=== Brief ===
Of the lines in the material below, print only those from the one containing "廣州旭眾食品機械有限公司是一" to the one containing "AM-700, Poolesville, Maryland", ends included, exactly as written and without pictures.

=== Source material ===
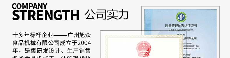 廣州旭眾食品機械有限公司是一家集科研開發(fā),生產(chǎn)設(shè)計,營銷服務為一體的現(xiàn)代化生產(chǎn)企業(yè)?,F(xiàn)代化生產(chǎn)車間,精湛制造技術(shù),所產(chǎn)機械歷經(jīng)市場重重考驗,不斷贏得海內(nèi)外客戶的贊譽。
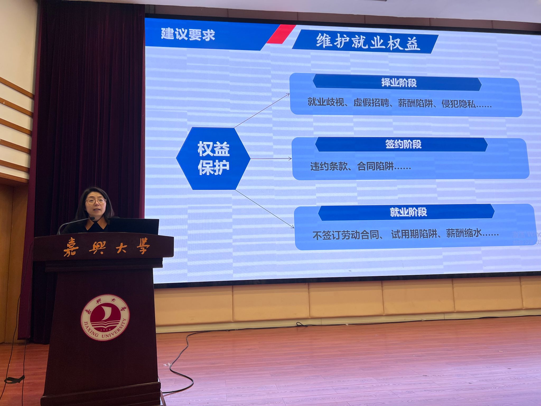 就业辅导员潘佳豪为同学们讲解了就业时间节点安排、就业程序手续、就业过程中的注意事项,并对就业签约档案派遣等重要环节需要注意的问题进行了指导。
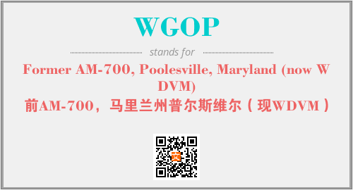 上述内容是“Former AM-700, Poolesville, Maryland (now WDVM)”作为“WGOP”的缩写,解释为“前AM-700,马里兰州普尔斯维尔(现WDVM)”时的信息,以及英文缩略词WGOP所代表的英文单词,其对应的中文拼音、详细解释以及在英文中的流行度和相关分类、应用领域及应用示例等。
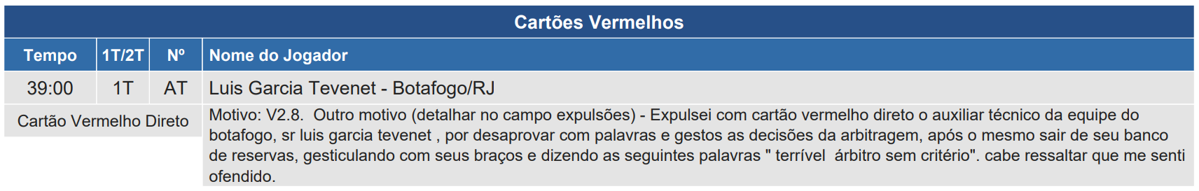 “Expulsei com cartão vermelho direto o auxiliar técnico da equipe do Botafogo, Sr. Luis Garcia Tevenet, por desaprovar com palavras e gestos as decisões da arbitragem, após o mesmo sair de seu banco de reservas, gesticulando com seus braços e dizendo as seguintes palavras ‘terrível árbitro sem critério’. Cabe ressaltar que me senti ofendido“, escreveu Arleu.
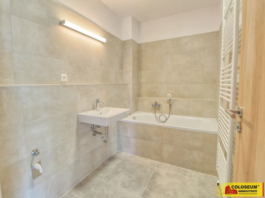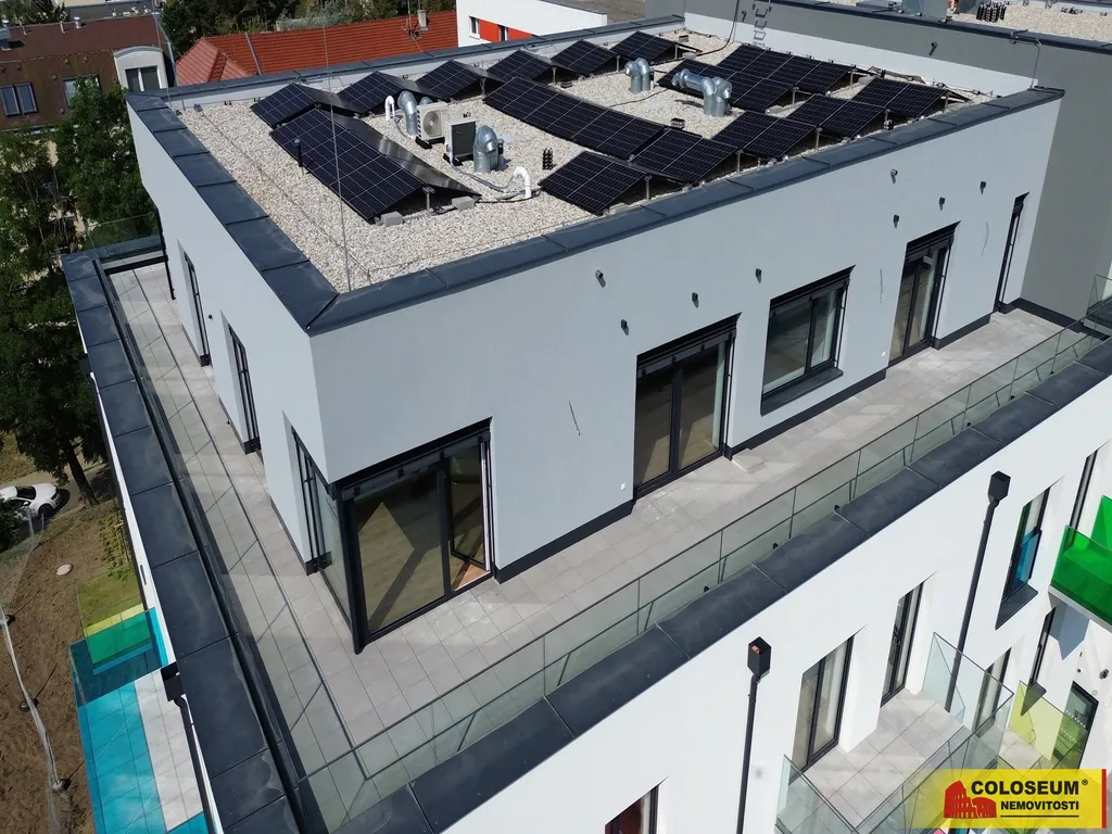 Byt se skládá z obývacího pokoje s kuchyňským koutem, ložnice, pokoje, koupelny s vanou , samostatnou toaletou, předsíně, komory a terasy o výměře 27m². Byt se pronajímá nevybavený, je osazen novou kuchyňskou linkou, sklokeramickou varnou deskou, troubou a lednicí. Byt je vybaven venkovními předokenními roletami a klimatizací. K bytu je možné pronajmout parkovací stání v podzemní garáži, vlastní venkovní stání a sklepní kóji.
---
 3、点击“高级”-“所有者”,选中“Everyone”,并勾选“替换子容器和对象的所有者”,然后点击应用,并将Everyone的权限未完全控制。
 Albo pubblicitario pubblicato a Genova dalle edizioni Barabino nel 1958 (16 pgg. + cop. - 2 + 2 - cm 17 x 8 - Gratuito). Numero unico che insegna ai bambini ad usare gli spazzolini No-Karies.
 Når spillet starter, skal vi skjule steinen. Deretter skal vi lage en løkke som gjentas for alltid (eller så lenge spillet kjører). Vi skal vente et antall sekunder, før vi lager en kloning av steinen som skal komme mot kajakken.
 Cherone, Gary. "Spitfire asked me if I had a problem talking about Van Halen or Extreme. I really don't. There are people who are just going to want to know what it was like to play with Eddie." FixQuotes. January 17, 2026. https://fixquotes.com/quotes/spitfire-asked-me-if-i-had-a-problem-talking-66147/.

=== Answer for the task ===
 廣州旭眾食品機械有限公司是一家集科研開發(fā),生產(chǎn)設(shè)計,營銷服務為一體的現(xiàn)代化生產(chǎn)企業(yè)?,F(xiàn)代化生產(chǎn)車間,精湛制造技術(shù),所產(chǎn)機械歷經(jīng)市場重重考驗,不斷贏得海內(nèi)外客戶的贊譽。
 就业辅导员潘佳豪为同学们讲解了就业时间节点安排、就业程序手续、就业过程中的注意事项,并对就业签约档案派遣等重要环节需要注意的问题进行了指导。
 上述内容是“Former AM-700, Poolesville, Maryland (now WDVM)”作为“WGOP”的缩写,解释为“前AM-700,马里兰州普尔斯维尔(现WDVM)”时的信息,以及英文缩略词WGOP所代表的英文单词,其对应的中文拼音、详细解释以及在英文中的流行度和相关分类、应用领域及应用示例等。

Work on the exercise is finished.